*** Opening of Material shown ***

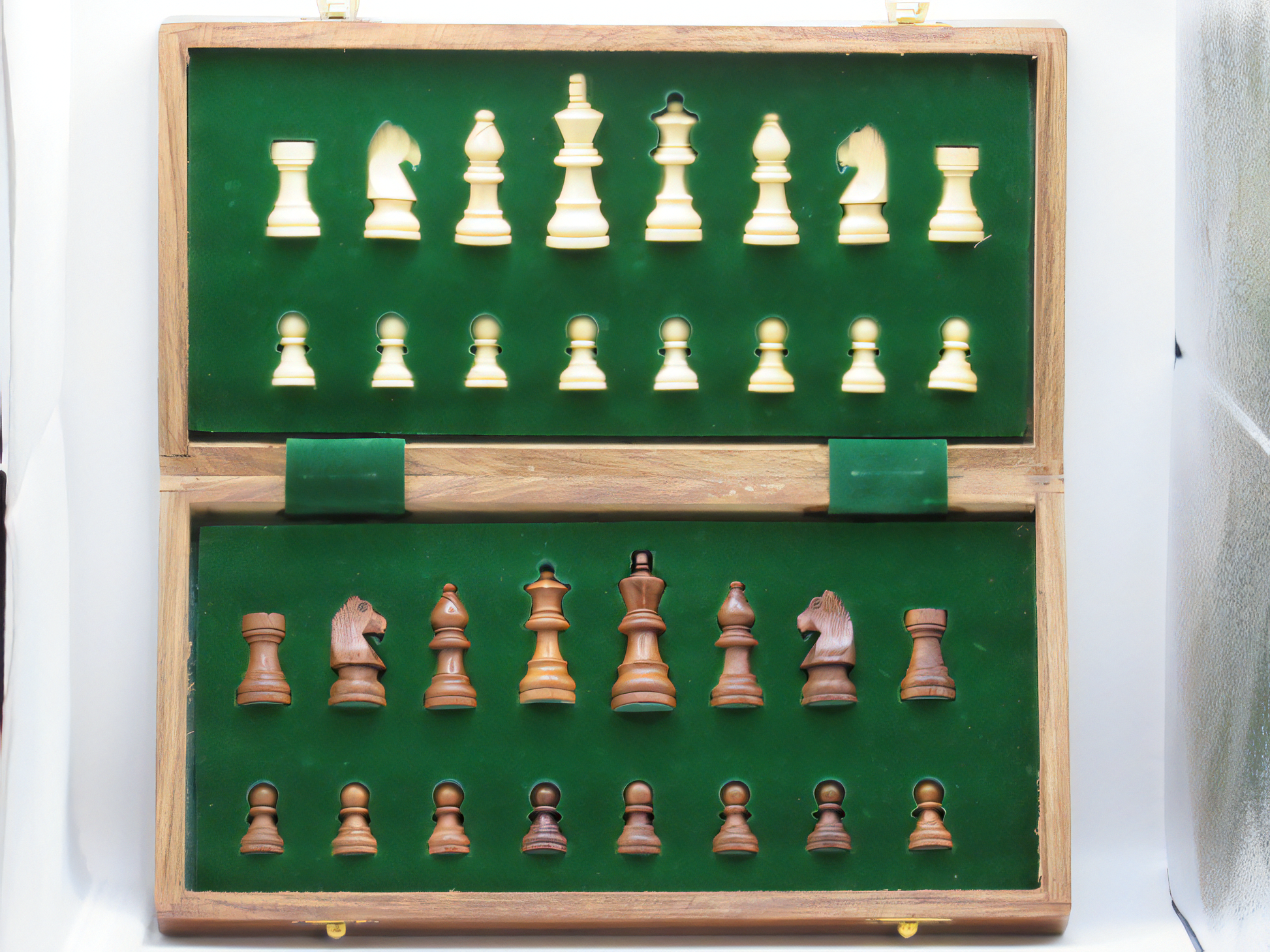 - Complete set of carved wooden chess pieces in two contrasting colors
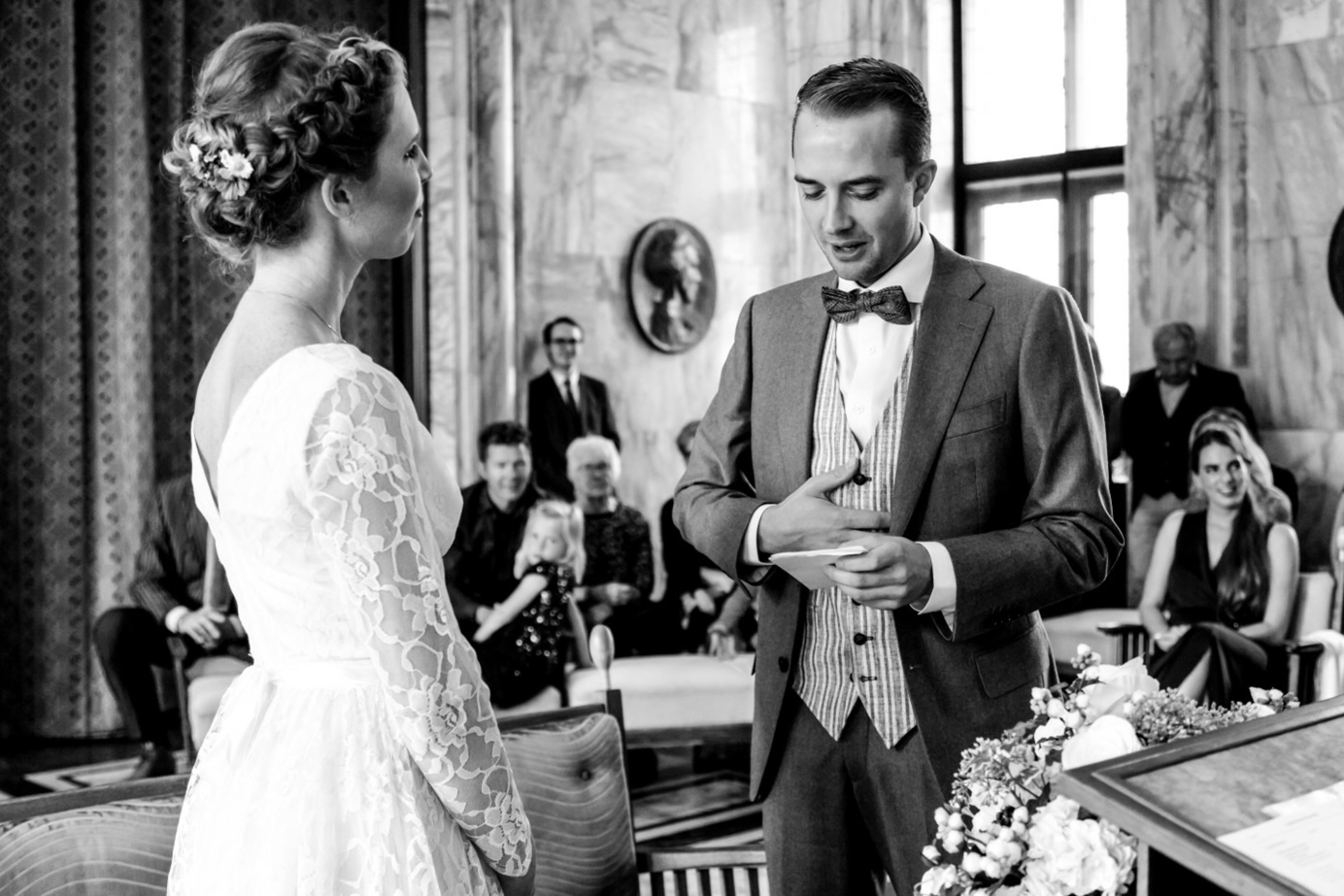 Ik zoek naar spontane blikken, kleine details en vrolijke chaos die jullie dag zo eigen maken. De trotse blik van opa die zachtjes de wang van zijn kleinkind aait. De vader die zijn tranen niet kan tegenhouden wanneer hij zijn dochter voor het eerst ziet. Of vrienden die in een hoek dubbel liggen van het lachen.
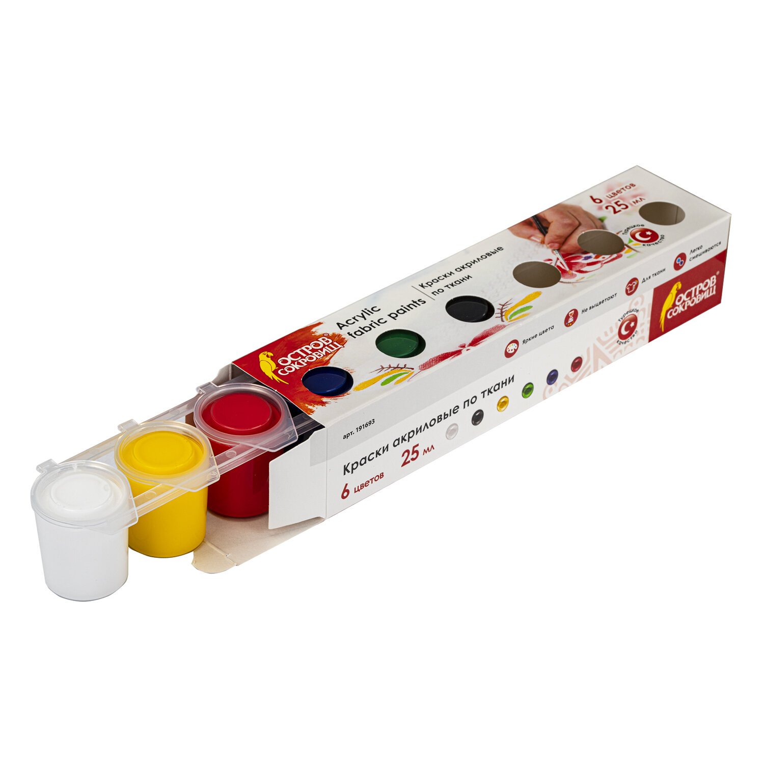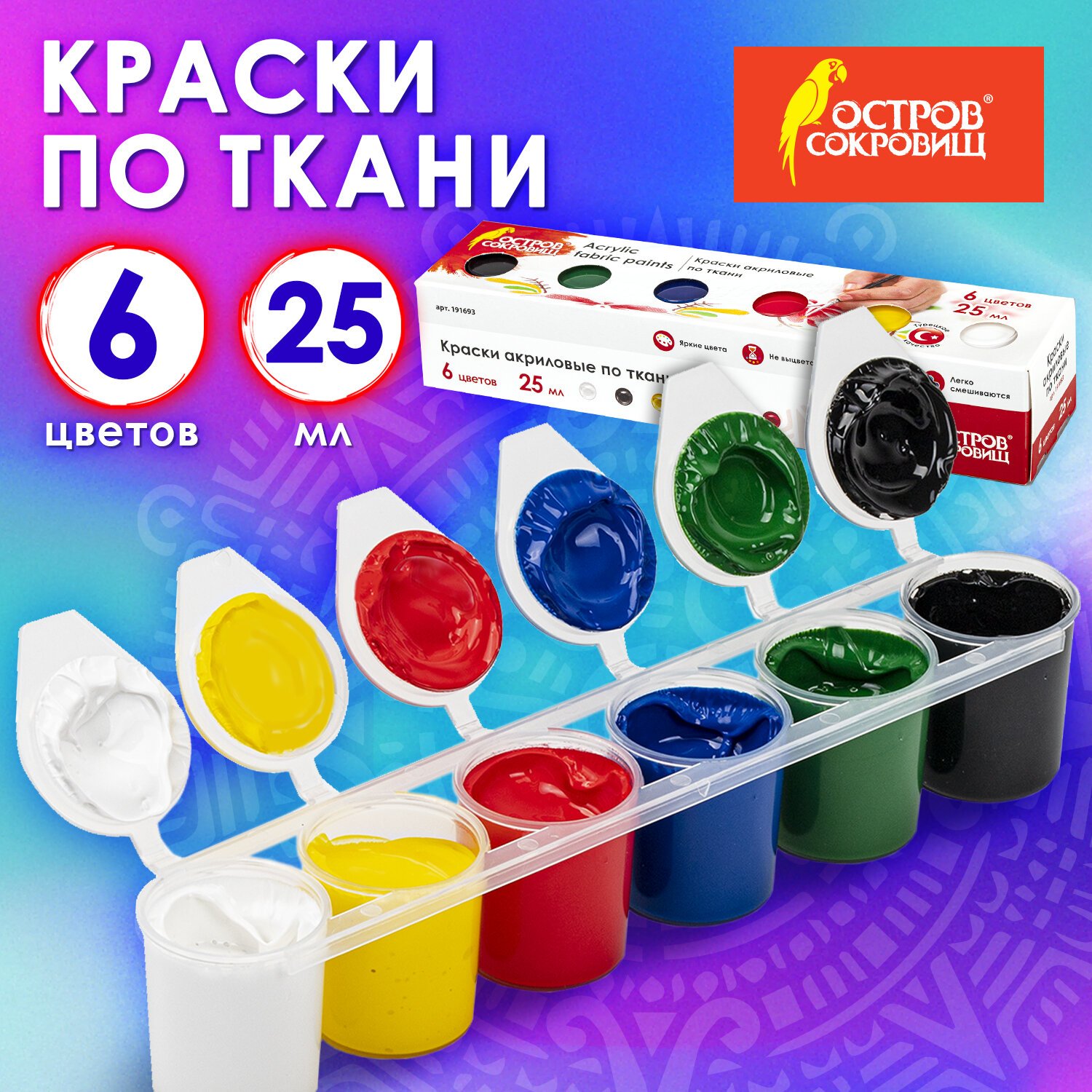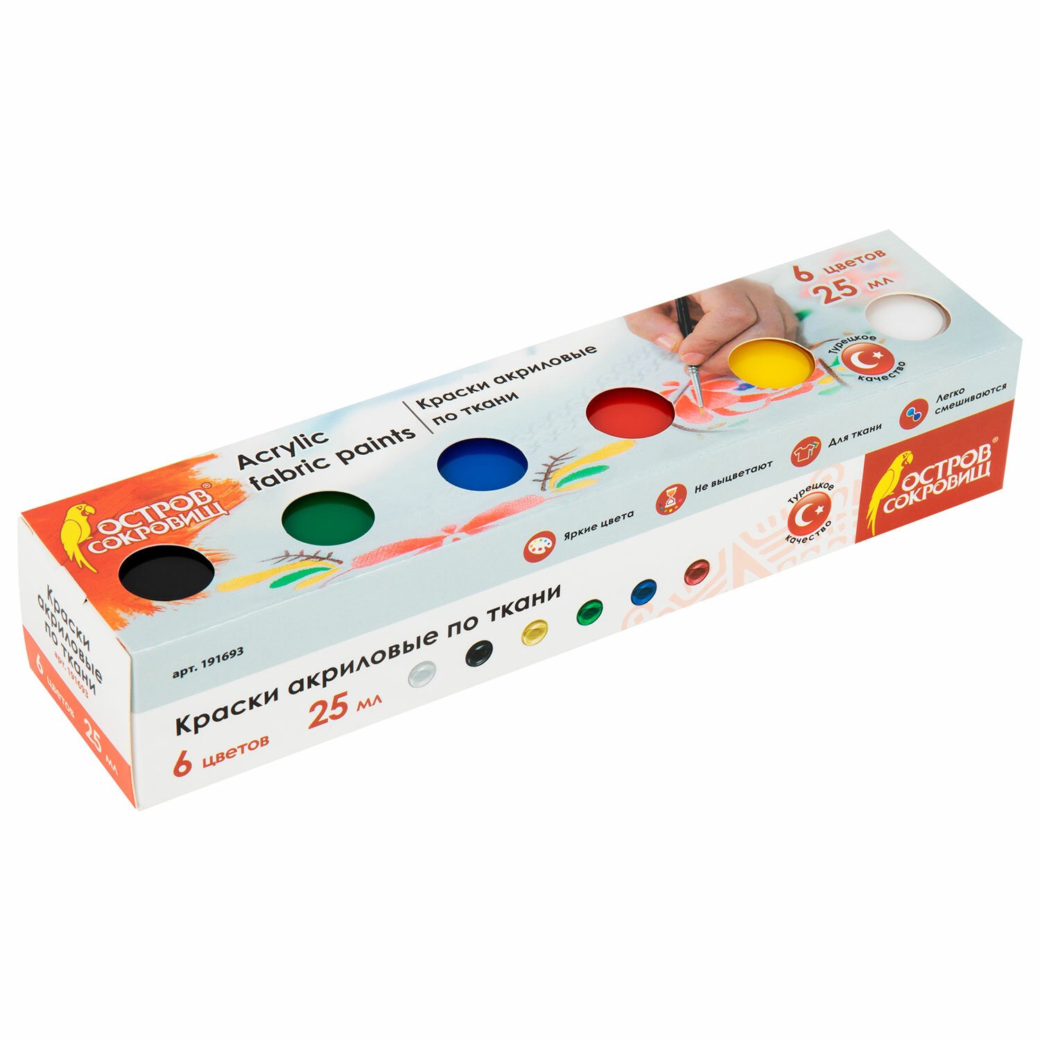 Краски акриловые по ткани ОСТРОВ СОКРОВИЩ 6 цветов по 25 мл, 191693
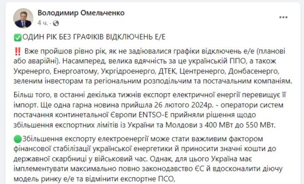 Деякі експерти заявляли, що ситуація з електрикою може бути навіть гіршою, ніж минулого року. Але, дякувати Богу та нашим ежнергетикам, ми закінчуємо зиму зі світлом і з цього приводу зробила важливу заяву Володимир Омельченко.
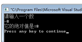 4.输入一个数,输出它的绝对值(负数*-1就是绝对值)。#include<stdio.h>main(){ int c,d; printf("请输入一个数\n"); scanf("%d",&c); if(c<0) d=c*-1; printf("它的绝对值是:%d\n",d);} |
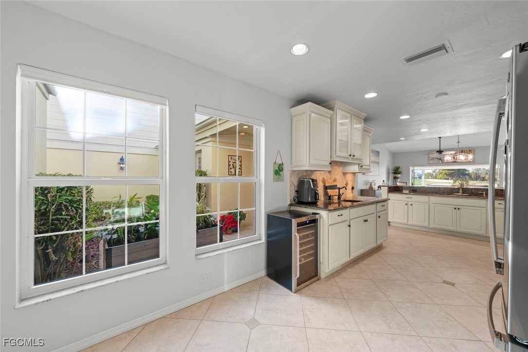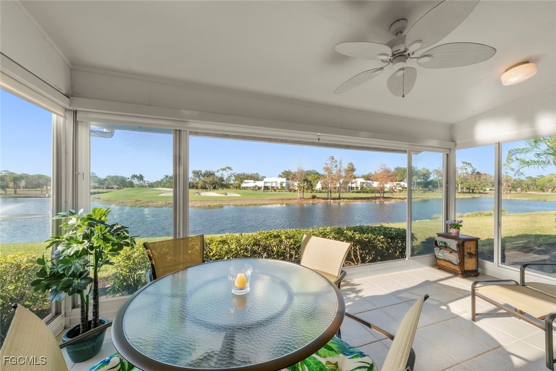 Nestled in the intimate Carriedale Cottages of Fiddlesticks Country Club, this 3-bedroom, 2-bath villa offers a refined blend of comfort and understated elegance. The spacious kitchen is appointed with granite countertops and stainless steel appliances, designed to feel both functional and inviting, while the interiors are bathed in natural light for an airy, welcoming atmosphere. Glass doors open to a panoramic-enclosed lanai, where peaceful lake views transition seamlessly into the manicured golf course beyond—an ideal setting for morning coffee or evening relaxation. This residence captures the essence of effortless country club living in a quiet, beautifully maintained enclave. MANDATORY EQUITY MEMBERSHIP FEE OF $115,000 DUE AT CLOSING. ADDITIONAL MONTHLY FEES APPLY.
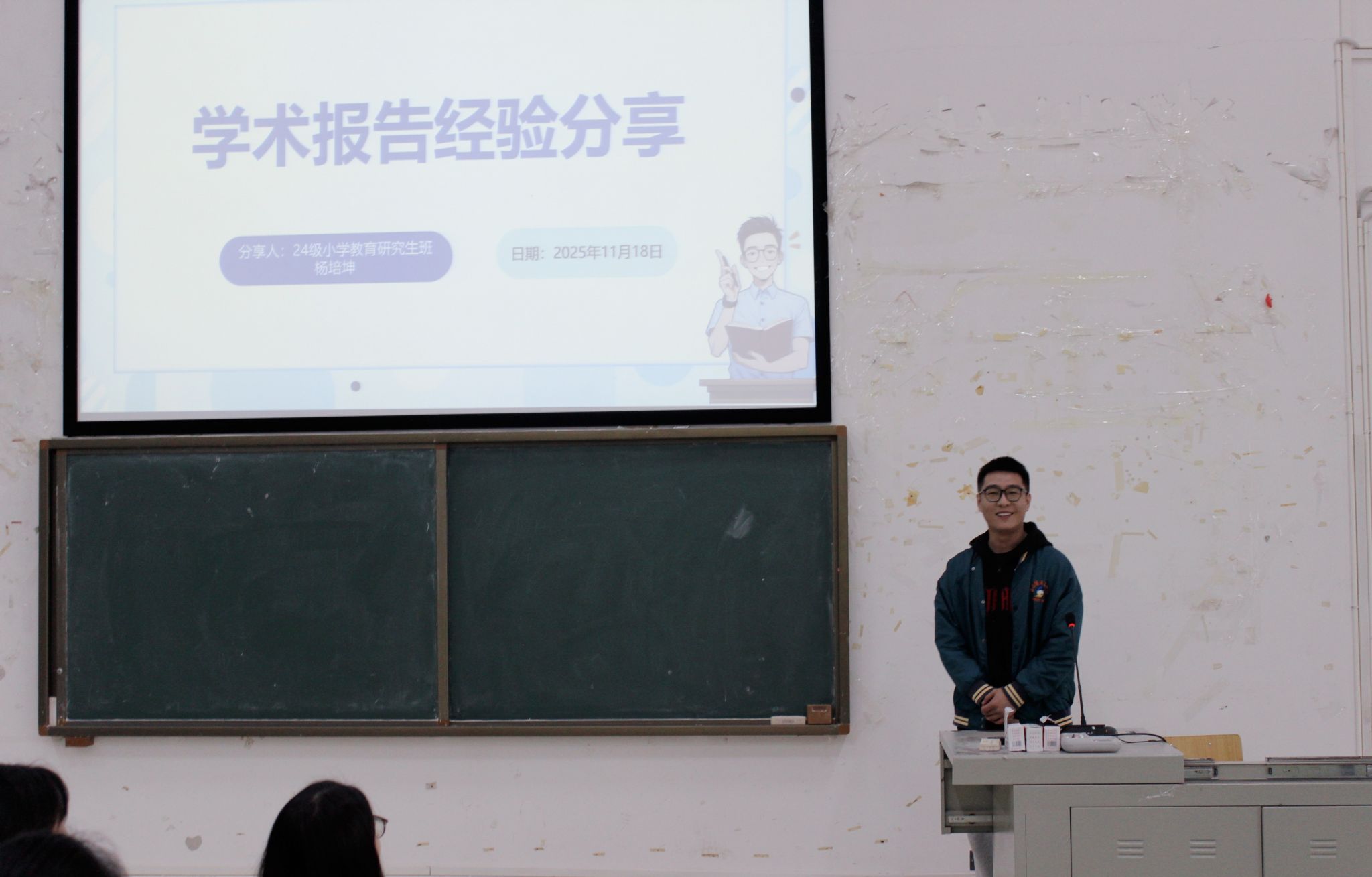 活动伊始,主持人就本次活动进行简要介绍并组织观看警示教育视频,强化研究生们对学术诚信、成果原创性的认知。随后,三位研究生代表结合自身经历,传授宝贵的实践经验。其中,梁倩同学结合全国“田家炳杯”师范生教学技能大赛经历,梳理备赛方法与实战技巧;杨培坤同学聚焦学术成果产出,分享论文投稿与学术报告参赛心得;李红梅同学则详解论文写作技巧与投稿策略。最后,在交流互动环节,同学们积极提问,研究生代表们耐心解答,现场氛围热烈而融洽。活动尾声,王艳芳老师进行总结。她勉励同学们在教学技能竞赛、学术会议交流及论文发表等领域,开辟自己的赛道,提升专业素养。
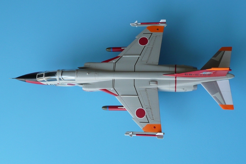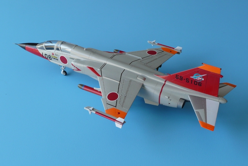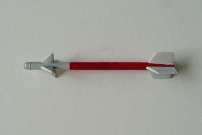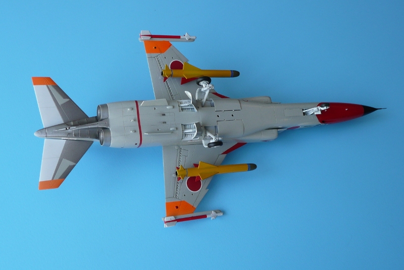 キットに入っていたXAMS-1とAIM-9Bサイドワインダーを搭載することにしたものの、どちらもあまり出来が良くなく整形に時間を要しました。XASM-1はインターナショナルオレンジと黄橙で塗分け、ブルーのラインを入れました。レドームの色は浜松基地広報館に展示されていた色を思い出し、それらしいオリーブドラブを塗って誤魔化しています。AIM-9Bは訓練弾の色が分からず、入間基地で目にしたF-104Jが搭載していた訓練弾の配色にしました。本当にこんな塗装のAIM-9Bを搭載したという確証はありません。
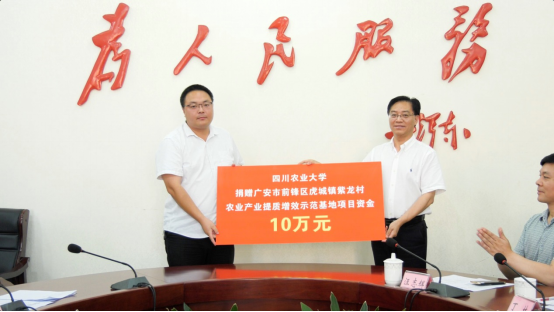 陈代文代表2138cn太阳城集团向广安市前锋区虎城镇紫龙村农业产业提质增效示范基地捐赠了10万元项目资金。

*** Close of Material shown ***

(What is needed) A verbatim copy of the listing is required, with all pictures left out.

(Answer to the exercise)
 - Complete set of carved wooden chess pieces in two contrasting colors
 Ik zoek naar spontane blikken, kleine details en vrolijke chaos die jullie dag zo eigen maken. De trotse blik van opa die zachtjes de wang van zijn kleinkind aait. De vader die zijn tranen niet kan tegenhouden wanneer hij zijn dochter voor het eerst ziet. Of vrienden die in een hoek dubbel liggen van het lachen.
 Краски акриловые по ткани ОСТРОВ СОКРОВИЩ 6 цветов по 25 мл, 191693
 Деякі експерти заявляли, що ситуація з електрикою може бути навіть гіршою, ніж минулого року. Але, дякувати Богу та нашим ежнергетикам, ми закінчуємо зиму зі світлом і з цього приводу зробила важливу заяву Володимир Омельченко.
 4.输入一个数,输出它的绝对值(负数*-1就是绝对值)。#include<stdio.h>main(){ int c,d; printf("请输入一个数\n"); scanf("%d",&c); if(c<0) d=c*-1; printf("它的绝对值是:%d\n",d);} |
 Nestled in the intimate Carriedale Cottages of Fiddlesticks Country Club, this 3-bedroom, 2-bath villa offers a refined blend of comfort and understated elegance. The spacious kitchen is appointed with granite countertops and stainless steel appliances, designed to feel both functional and inviting, while the interiors are bathed in natural light for an airy, welcoming atmosphere. Glass doors open to a panoramic-enclosed lanai, where peaceful lake views transition seamlessly into the manicured golf course beyond—an ideal setting for morning coffee or evening relaxation. This residence captures the essence of effortless country club living in a quiet, beautifully maintained enclave. MANDATORY EQUITY MEMBERSHIP FEE OF $115,000 DUE AT CLOSING. ADDITIONAL MONTHLY FEES APPLY.
 活动伊始,主持人就本次活动进行简要介绍并组织观看警示教育视频,强化研究生们对学术诚信、成果原创性的认知。随后,三位研究生代表结合自身经历,传授宝贵的实践经验。其中,梁倩同学结合全国“田家炳杯”师范生教学技能大赛经历,梳理备赛方法与实战技巧;杨培坤同学聚焦学术成果产出,分享论文投稿与学术报告参赛心得;李红梅同学则详解论文写作技巧与投稿策略。最后,在交流互动环节,同学们积极提问,研究生代表们耐心解答,现场氛围热烈而融洽。活动尾声,王艳芳老师进行总结。她勉励同学们在教学技能竞赛、学术会议交流及论文发表等领域,开辟自己的赛道,提升专业素养。
 キットに入っていたXAMS-1とAIM-9Bサイドワインダーを搭載することにしたものの、どちらもあまり出来が良くなく整形に時間を要しました。XASM-1はインターナショナルオレンジと黄橙で塗分け、ブルーのラインを入れました。レドームの色は浜松基地広報館に展示されていた色を思い出し、それらしいオリーブドラブを塗って誤魔化しています。AIM-9Bは訓練弾の色が分からず、入間基地で目にしたF-104Jが搭載していた訓練弾の配色にしました。本当にこんな塗装のAIM-9Bを搭載したという確証はありません。
 陈代文代表2138cn太阳城集团向广安市前锋区虎城镇紫龙村农业产业提质增效示范基地捐赠了10万元项目资金。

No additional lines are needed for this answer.